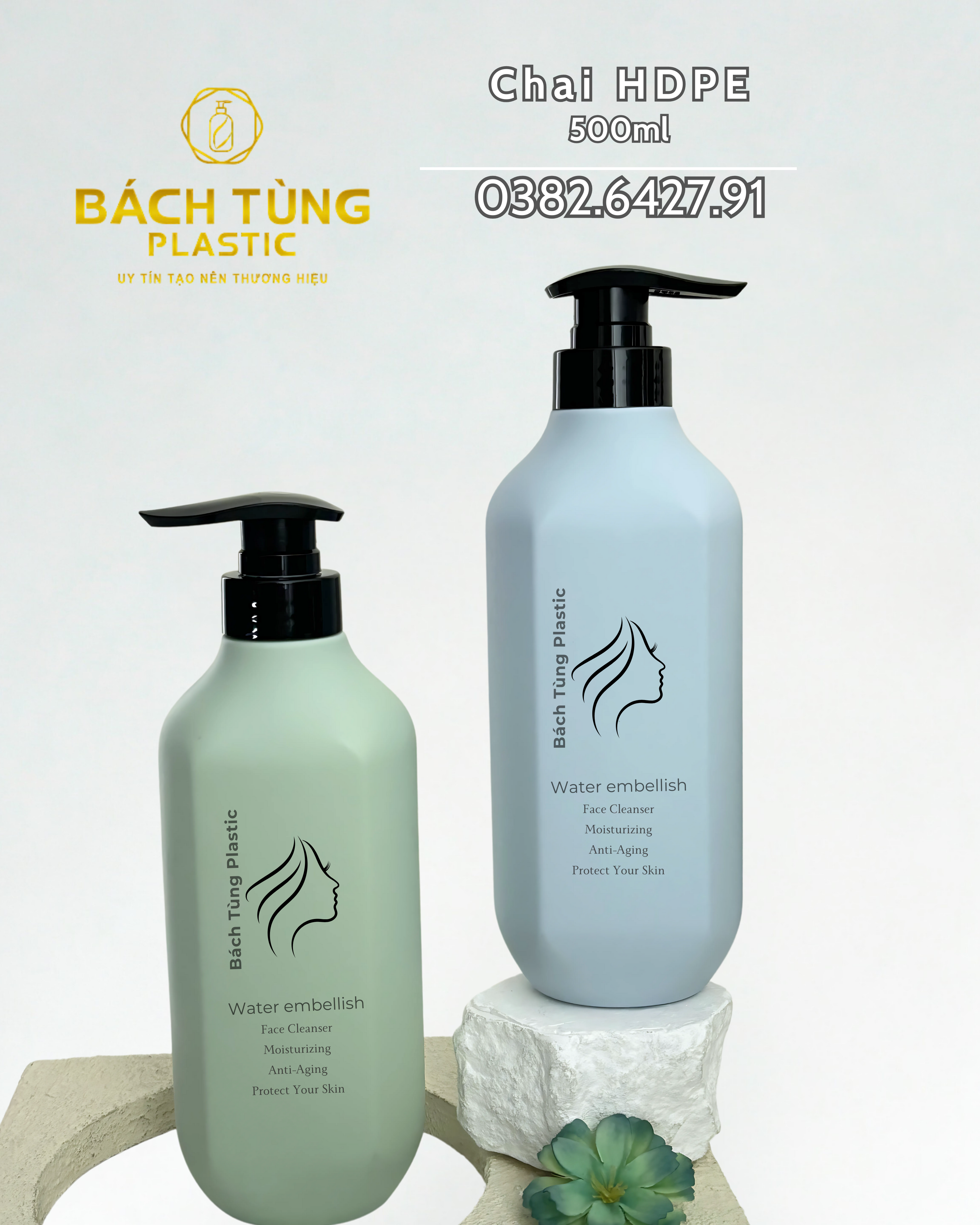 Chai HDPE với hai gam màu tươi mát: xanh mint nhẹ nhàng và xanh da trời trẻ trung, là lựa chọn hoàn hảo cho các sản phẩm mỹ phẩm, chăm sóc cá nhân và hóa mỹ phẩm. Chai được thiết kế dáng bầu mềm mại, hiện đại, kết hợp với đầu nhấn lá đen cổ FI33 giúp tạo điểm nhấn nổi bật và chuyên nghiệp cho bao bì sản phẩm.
+++
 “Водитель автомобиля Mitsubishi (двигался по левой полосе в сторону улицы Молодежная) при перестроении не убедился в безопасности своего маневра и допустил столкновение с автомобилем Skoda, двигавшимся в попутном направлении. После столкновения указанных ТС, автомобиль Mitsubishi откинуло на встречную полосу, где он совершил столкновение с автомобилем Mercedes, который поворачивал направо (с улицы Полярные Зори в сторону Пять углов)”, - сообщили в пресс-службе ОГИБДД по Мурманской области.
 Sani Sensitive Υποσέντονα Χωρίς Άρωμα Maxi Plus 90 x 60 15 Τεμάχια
+++
:: Exercise directions ::
All that is wanted is the stretch of lines above from the one containing "по Мурманской области." through the one containing "Sani Sensitive Υποσέντονα", duplicated exactly.

:: Response ::
 “Водитель автомобиля Mitsubishi (двигался по левой полосе в сторону улицы Молодежная) при перестроении не убедился в безопасности своего маневра и допустил столкновение с автомобилем Skoda, двигавшимся в попутном направлении. После столкновения указанных ТС, автомобиль Mitsubishi откинуло на встречную полосу, где он совершил столкновение с автомобилем Mercedes, который поворачивал направо (с улицы Полярные Зори в сторону Пять углов)”, - сообщили в пресс-службе ОГИБДД по Мурманской области.
 Sani Sensitive Υποσέντονα Χωρίς Άρωμα Maxi Plus 90 x 60 15 Τεμάχια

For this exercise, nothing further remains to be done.